> **BRIEF**
Your answer must be the line containing "首先,导师就小组每个人的期中" and each following line to the end of the listing below, copied exactly, with pictures removed and nothing added.

> **SUPPLIED DATA**

——————————

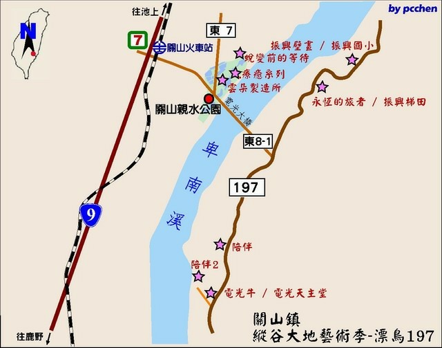最後才來走訪關山鎮的8個作品,行車方向由南往北,走縱谷公路台9線進關山市區前,右轉[東8-1]鄉鎮道,過電光大橋於接上[縣道197]後右轉,行車不久道路右側稻田中可以看到作品「陪伴」。
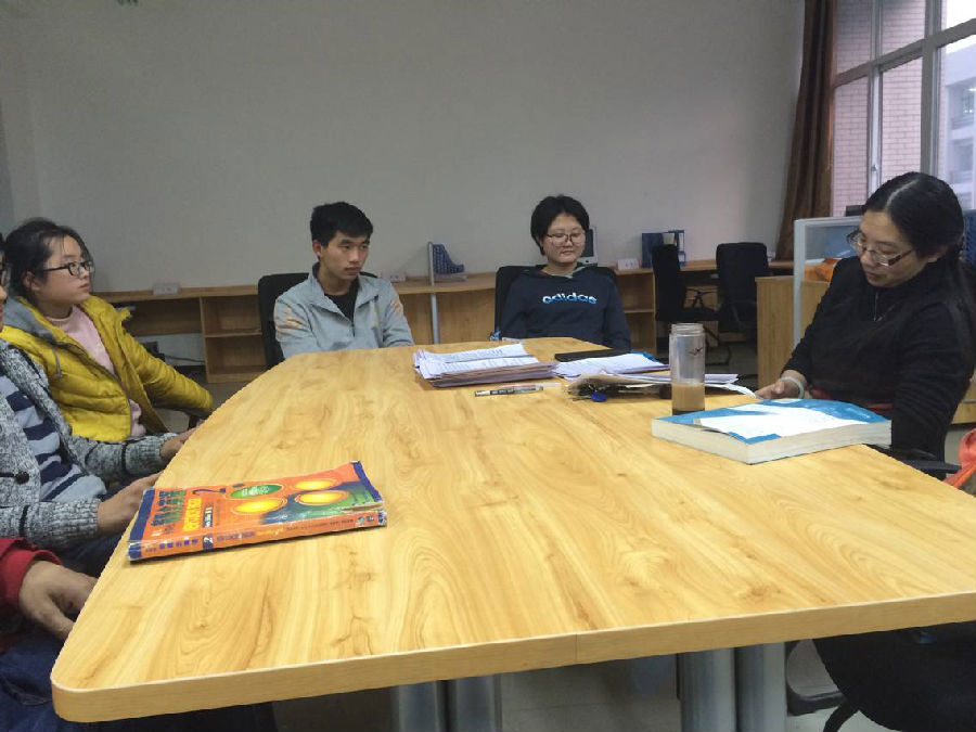 首先,导师就小组每个人的期中考试各科成绩对我们学习情况进行详细的询问,了解了我们的学习进度,和我们交流了学习经验与方法,给我们提了些学习方面的建议。接着我们和导师互相交流了最近的生活状况,导师对我们的生活状况进行了了解,并对大家日常生活给出了指导。
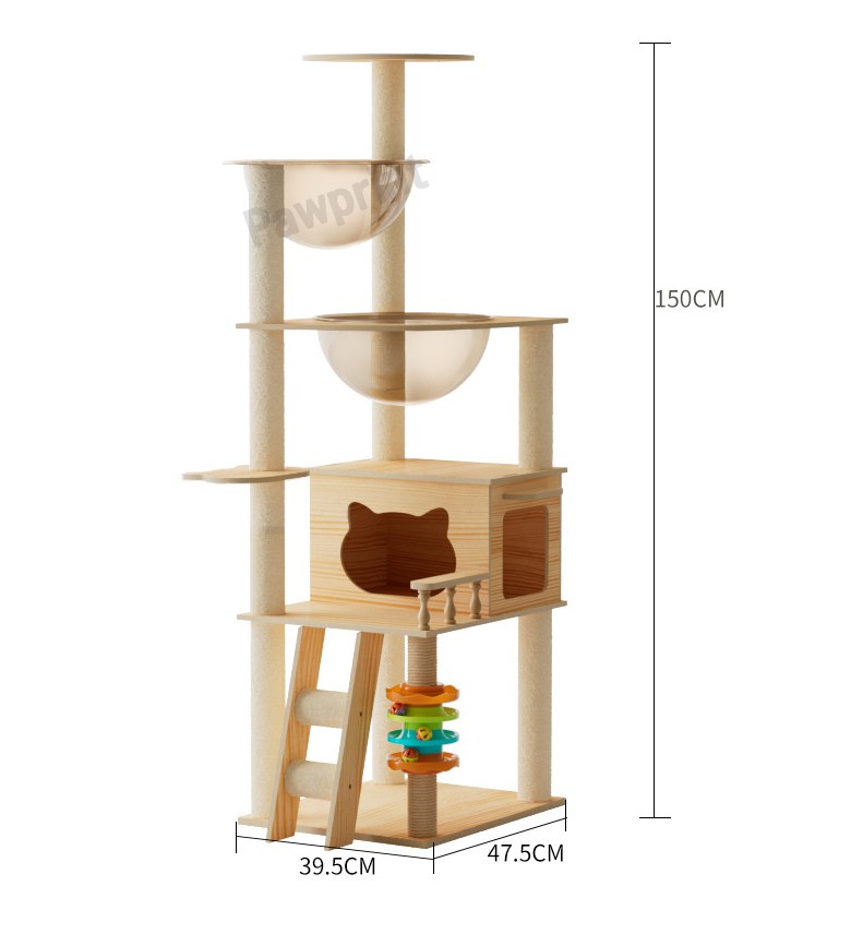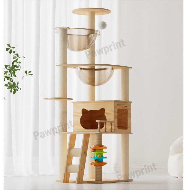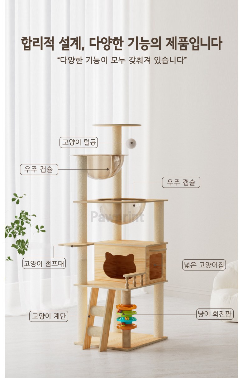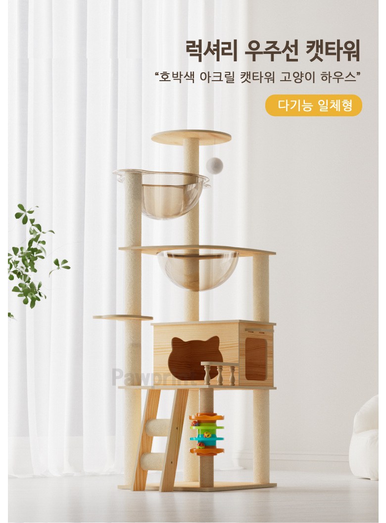 Pawprint 원목 캣타워 대형 소형 고양이 캣타워 우주선 아크릴 투명 캣하우스 다기능 고양이 놀이 공간 다묘가정 초보집사 먼치킨 성인묘 거실 원룸 실내용 다양한 고양이 활동에

——————————

> **TASK RESPONSE**
 首先,导师就小组每个人的期中考试各科成绩对我们学习情况进行详细的询问,了解了我们的学习进度,和我们交流了学习经验与方法,给我们提了些学习方面的建议。接着我们和导师互相交流了最近的生活状况,导师对我们的生活状况进行了了解,并对大家日常生活给出了指导。
 Pawprint 원목 캣타워 대형 소형 고양이 캣타워 우주선 아크릴 투명 캣하우스 다기능 고양이 놀이 공간 다묘가정 초보집사 먼치킨 성인묘 거실 원룸 실내용 다양한 고양이 활동에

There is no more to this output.